§ Records to process
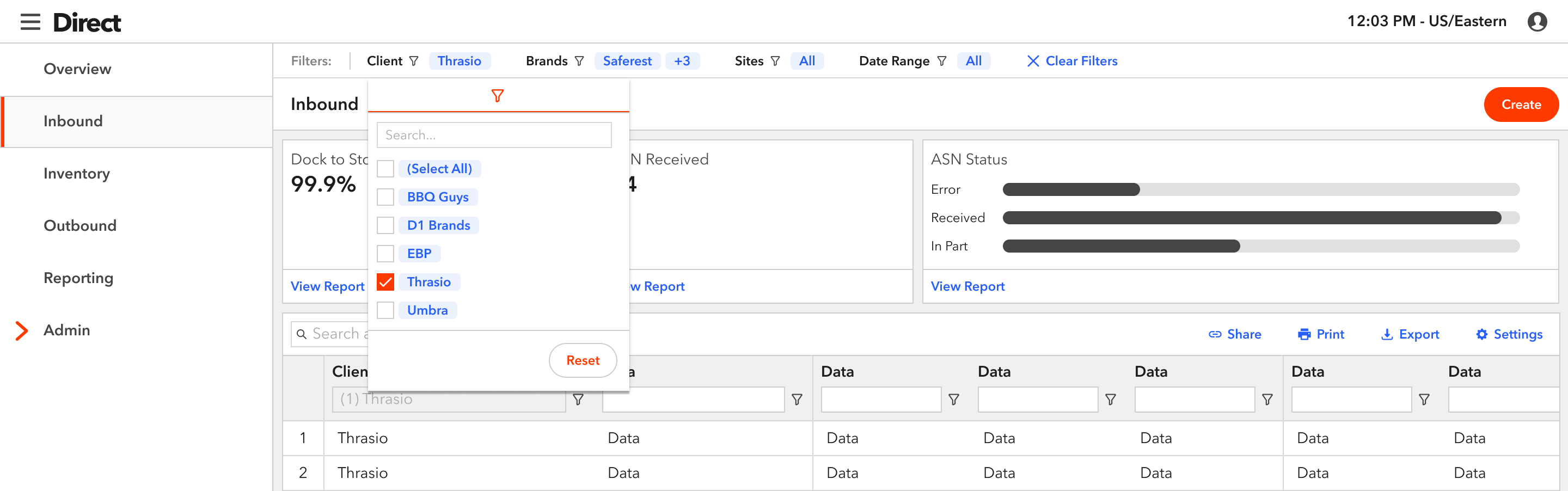 At the request of users and stakeholders, I designed a persistent filter bar that allows users of GXO’s eFulfillment web app, Direct, to filter the entire application by client-specific information. I created this feature to give our primary and secondary personas a view of their KPIs, inventory, and orders at a warehouse and brand level that they’ve never had before.
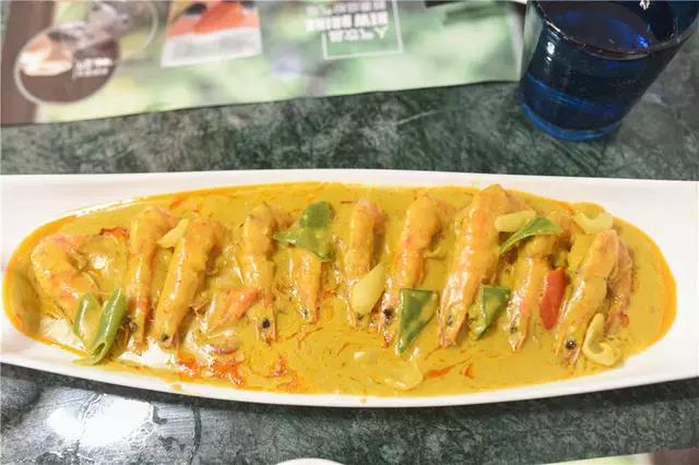咖喱虾:红红的虾子配上黄黄的咖喱,夹起一个去除虾壳再用虾蘸下咖喱,那滋味爽翻了天,而且虾子吃完,还可以尝试用其他的美食蘸咖喱酱来吃,那也是不错的感觉哦!
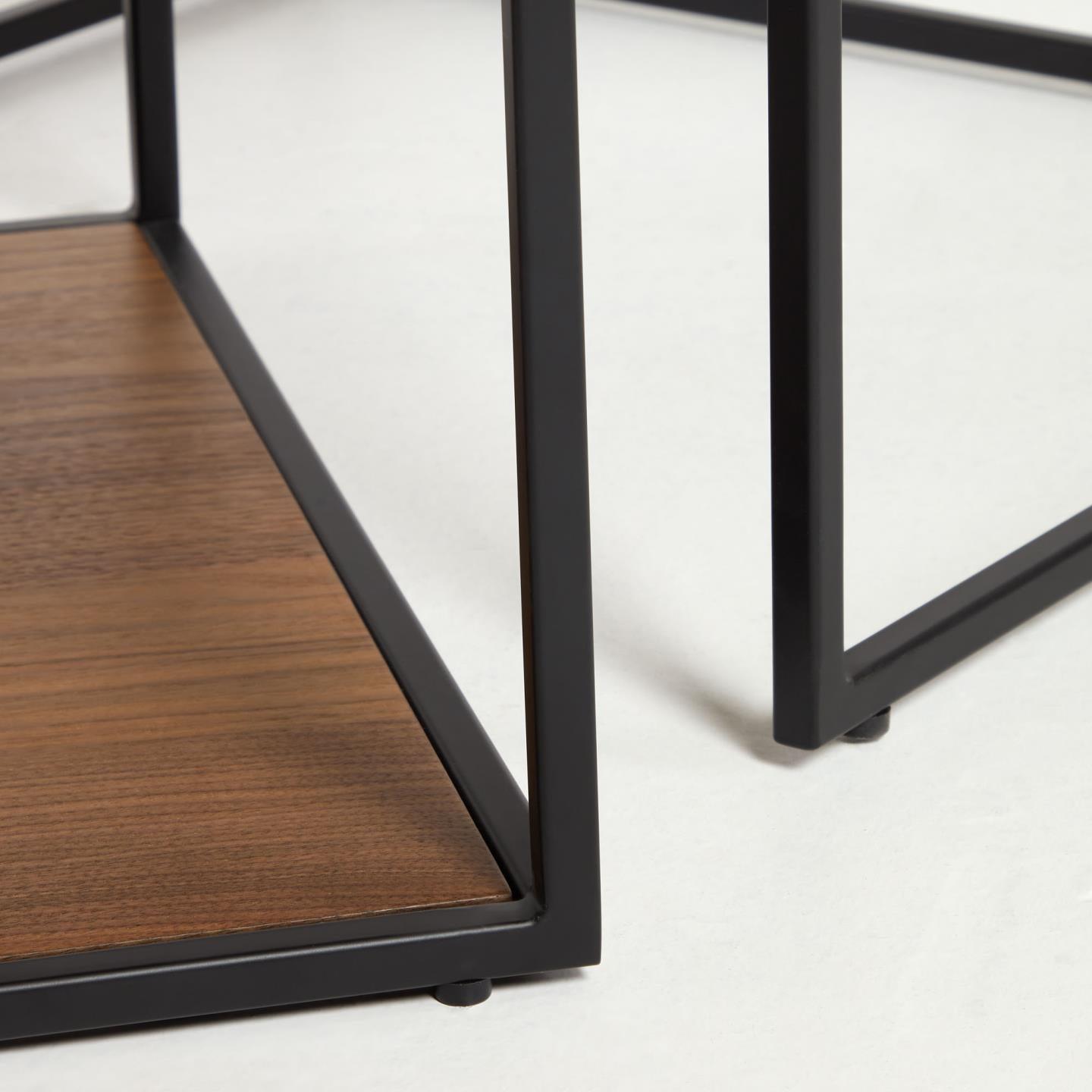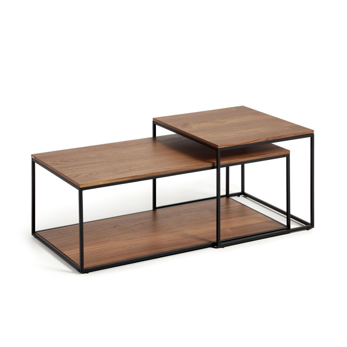 A set of Yoana Walnum Veneer coffee tables with a black frame
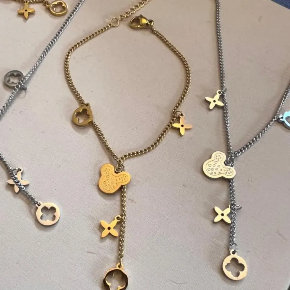 Pulseira de elos finos pingente Michey e trevos em aço com banho, com 18cm +5cm de extensor.
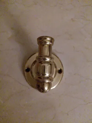 Colgador de latón con un acabado dorado. Ideal para colgar objetos. - Diseño clásico y elegante. - Montaje sencillo.
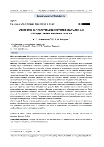 Цель исследования. Цель данного исследования - решение задачи восстановления внешней нагрузки на стоечно-балочную конструктивную систему и оценка влияния на точность решения задачи погрешности зашумленных прогибов - конструктивных входных данных вычислительной системы.
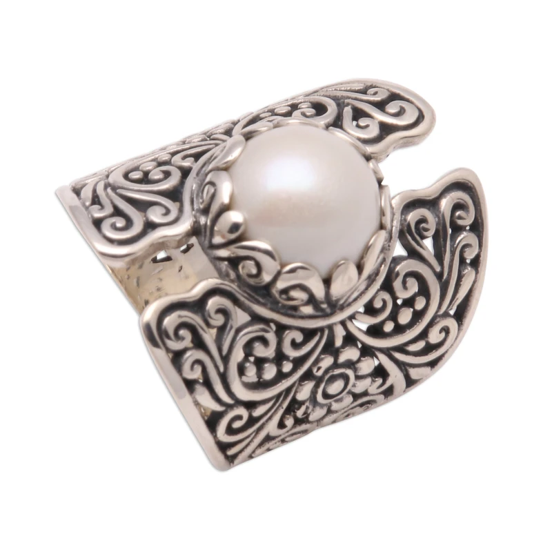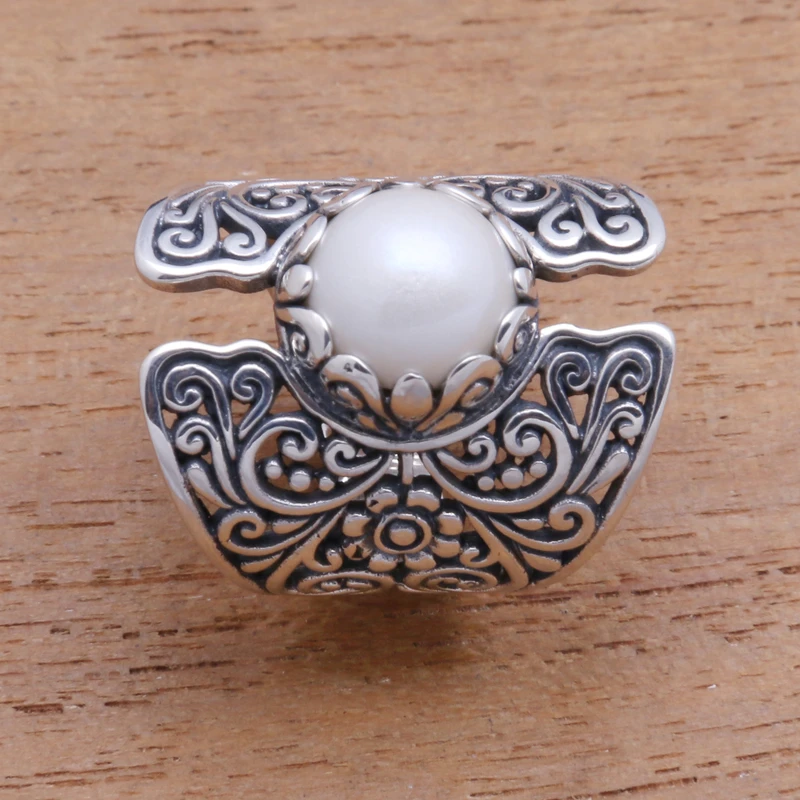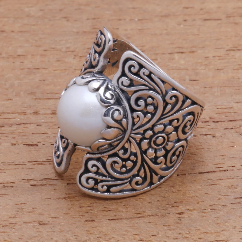 แหวนค็อกเทลสีเงิน925ทำด้วยมือสไตล์โบโฮพร้อมไข่มุกเลี้ยงสีขาวเหมาะสำหรับปาร์ตี้งานแต่งงานของขวัญคริสเตียนสำหรับเขา
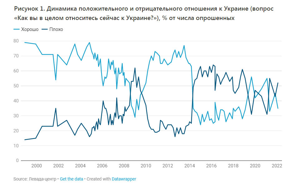 Таким образом, в независящих друг от друга социологических проектах получены данные, позволяющие утверждать, что антиукраинские настроения той или иной степени напряжения сопровождали весь период формирования европейской ориентации этой страны, ее стремление к независимости от Москвы, а антиукраинская тема на федеральных телевизионных каналах во многом была их источником и поддерживала их. Более чем двадцатилетний мониторинг дает представление о динамике настроений российских граждан по этому поводу. Начав с высокоположительных значений, видимо, наследственно советских (80% опрошенных во всероссийском мониторинге), оценки в настроениях сдвинулись с места и сначала медленно, но потом с ускорением покатились вниз. И все-таки они не были однозначными, негативизм то рос, то падал. Падение негативизма, явно позитивный настрой к Украине приходятся на короткий промежуток между 2010 и 2014 годами, когда в отношениях наших стран ничего особенного не происходило и они восстанавливались, нормализовались, но в других ситуациях он снова рос, и это было связано с чередой значимых событий, начало которых в нашу эпоху датируется нулевыми годами 2000-х.
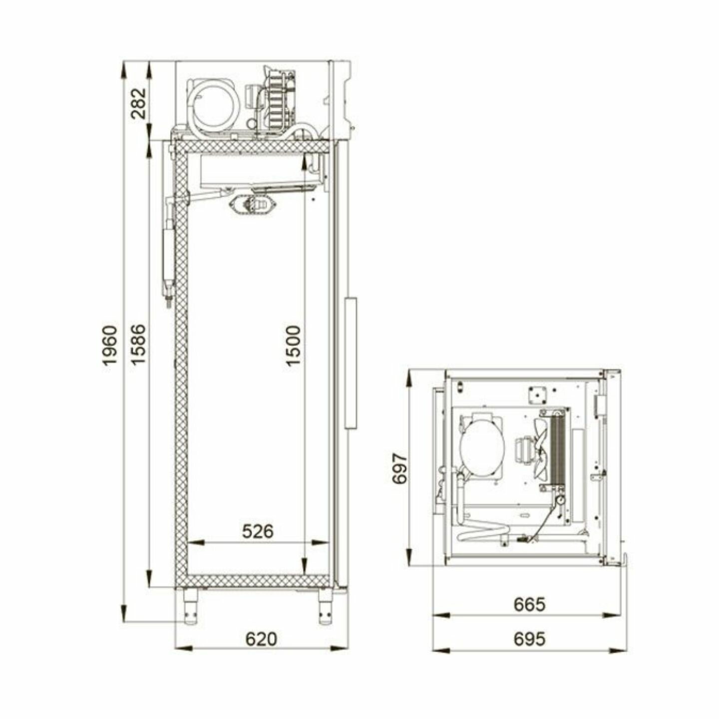 - Внутренние габариты: высота - 1500 мм, ширина - 611 мм, глубина - 526 мм
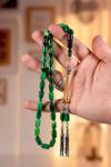 Alacalı Yeşil Kapsül Tane Yumuşak Çekimli Sıkma Kehribar Tesbih, Tesbihimizin hamuru yumuşak cinse sahiptir.
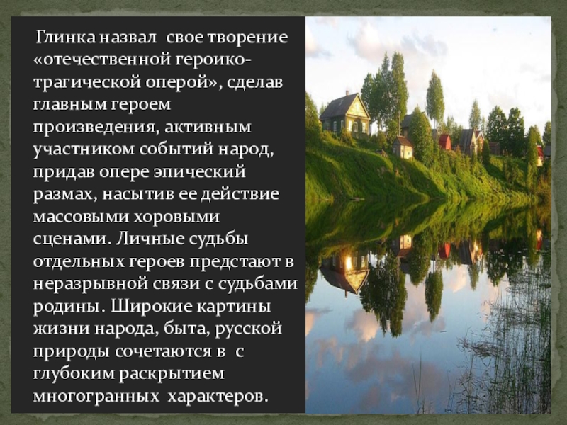 Слайд 14 Глинка назвал свое творение «отечественной героико-трагической оперой», сделав главным

§ To do
Although the records contain pictures, the copy should hold only their text, reproduced exactly.

§ Exercise solution
 At the request of users and stakeholders, I designed a persistent filter bar that allows users of GXO’s eFulfillment web app, Direct, to filter the entire application by client-specific information. I created this feature to give our primary and secondary personas a view of their KPIs, inventory, and orders at a warehouse and brand level that they’ve never had before.
咖喱虾:红红的虾子配上黄黄的咖喱,夹起一个去除虾壳再用虾蘸下咖喱,那滋味爽翻了天,而且虾子吃完,还可以尝试用其他的美食蘸咖喱酱来吃,那也是不错的感觉哦!
 A set of Yoana Walnum Veneer coffee tables with a black frame
 Pulseira de elos finos pingente Michey e trevos em aço com banho, com 18cm +5cm de extensor.
 Colgador de latón con un acabado dorado. Ideal para colgar objetos. - Diseño clásico y elegante. - Montaje sencillo.
 Цель исследования. Цель данного исследования - решение задачи восстановления внешней нагрузки на стоечно-балочную конструктивную систему и оценка влияния на точность решения задачи погрешности зашумленных прогибов - конструктивных входных данных вычислительной системы.
 แหวนค็อกเทลสีเงิน925ทำด้วยมือสไตล์โบโฮพร้อมไข่มุกเลี้ยงสีขาวเหมาะสำหรับปาร์ตี้งานแต่งงานของขวัญคริสเตียนสำหรับเขา
 Таким образом, в независящих друг от друга социологических проектах получены данные, позволяющие утверждать, что антиукраинские настроения той или иной степени напряжения сопровождали весь период формирования европейской ориентации этой страны, ее стремление к независимости от Москвы, а антиукраинская тема на федеральных телевизионных каналах во многом была их источником и поддерживала их. Более чем двадцатилетний мониторинг дает представление о динамике настроений российских граждан по этому поводу. Начав с высокоположительных значений, видимо, наследственно советских (80% опрошенных во всероссийском мониторинге), оценки в настроениях сдвинулись с места и сначала медленно, но потом с ускорением покатились вниз. И все-таки они не были однозначными, негативизм то рос, то падал. Падение негативизма, явно позитивный настрой к Украине приходятся на короткий промежуток между 2010 и 2014 годами, когда в отношениях наших стран ничего особенного не происходило и они восстанавливались, нормализовались, но в других ситуациях он снова рос, и это было связано с чередой значимых событий, начало которых в нашу эпоху датируется нулевыми годами 2000-х.
 - Внутренние габариты: высота - 1500 мм, ширина - 611 мм, глубина - 526 мм
 Alacalı Yeşil Kapsül Tane Yumuşak Çekimli Sıkma Kehribar Tesbih, Tesbihimizin hamuru yumuşak cinse sahiptir.
 Слайд 14 Глинка назвал свое творение «отечественной героико-трагической оперой», сделав главным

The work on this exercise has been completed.